ByElizabeth Evitts Dickinson
Martha Jones is a legal and cultural historian whose work examines how Black Americans have shaped the story of U.S. democracy. A professor of history and the Society of Black Alumni Presidential Professor at Johns Hopkins University, her research and writing around voting rights and citizenship help to illuminate not only the germinal ideas of American democracy but also the struggles and achievements of the disenfranchised. In February, the Hub spoke with Jones about this year's centennial of the 19th Amendment and her forthcoming book, Vanguard: How Black Women Broke Barriers, Won the Vote, and Insisted on Equality for All, a story that spans seven generations of Black political activism.
Today, as Black Lives Matter protests continue around the country in the immediate wake of the murders of George Floyd and Breonna Taylor, we caught up with Jones in her home in downtown Baltimore to talk about the history of Black activism and politics, and the kinds of honest conversations that individuals and institutions need to have about racism in order to seed what comes next.
I want to open with a seemingly simple question, but I mean it as more than perfunctory.
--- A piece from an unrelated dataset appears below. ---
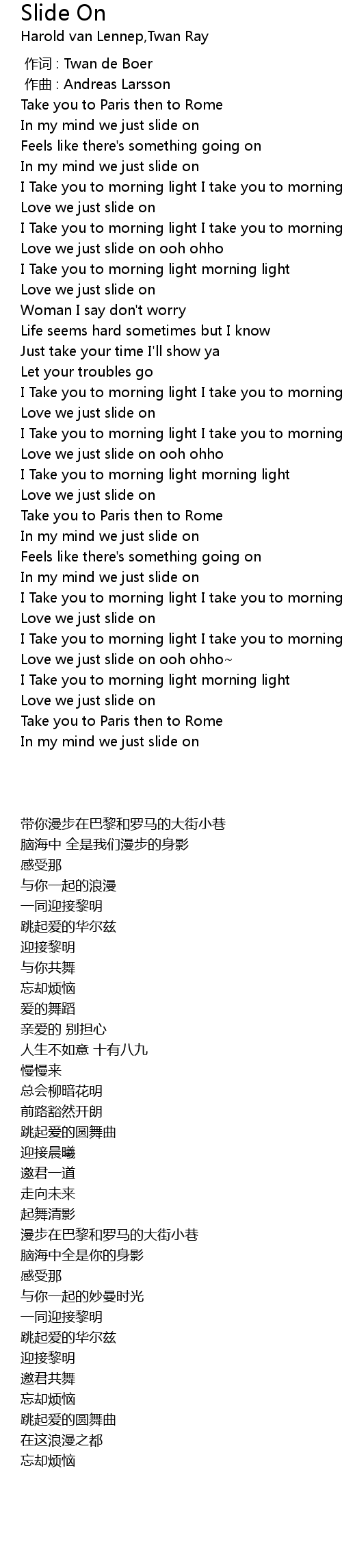 | [02:05.11] | Love we just slide on ooh ohho |
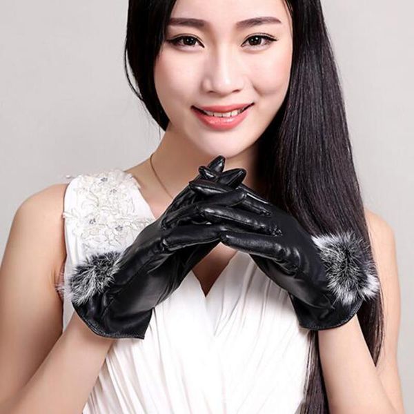 five fingers gloves elegant charm fur ball pu leather winter warm mittens wrist soft covered finger women fashion accessory, Blue;gray

How are you doing today?
Oh gosh. Honestly, I'm tired. These have been two very demanding weeks. But I just taught an online class for the Zinn Education Project where there were nearly 200 people present online live to talk about the history of citizenship and voting rights and racism, and I found that very moving. Sometimes teaching is the opportunity to reconnect with your purpose and to be inspired, and so today I'm also feeling inspired.
This week, many of the top 10 books on the New York Times Nonfiction Bestseller list are about racism and the Black experience. Is it your sense that there's a growing desire from some to educate themselves and learn about what has brought us to this moment?
Yes, it reflects an interest in history, but I think we're seeing books that are aimed at self-examination and introspection as well, like Ibram X. Kendi's How To Be an Antiracist. Many of these best-selling books reflect the lived experience and the testimony of Black Americans in our very recent past. I would take the buying of books, and hopefully the reading of those books, as a commitment on the part of some Americans and even others beyond the United States to understand better the moment that we're in and their place in it. What people will do based on what they learn and read I cannot say.
Some are suggesting that it's not enough to read and observe, that it's time to act. Are you sensing that as well?
I certainly hope you're right. There's a whole history we could tell of the ways in which white Americans have been passive, if not indifferent, witnesses to the long history of racism in the United States. That's a very heavy legacy to lift off one's shoulders, let's put it that way. We know a great deal about white people's indifference and callousness. The women I write about [in Vanguard], so many of them will eventually tell of how they were not only accostedhow they were assaulted and violently removed from a theater or a railroad car or a bus. The companion story is that many, many white Americans witnessed and watched and by their inaction countenanced that violence. I think that helps us appreciate the distance between Black and white women, even today. I think one of the questions now is what in this context could it mean to become an ally.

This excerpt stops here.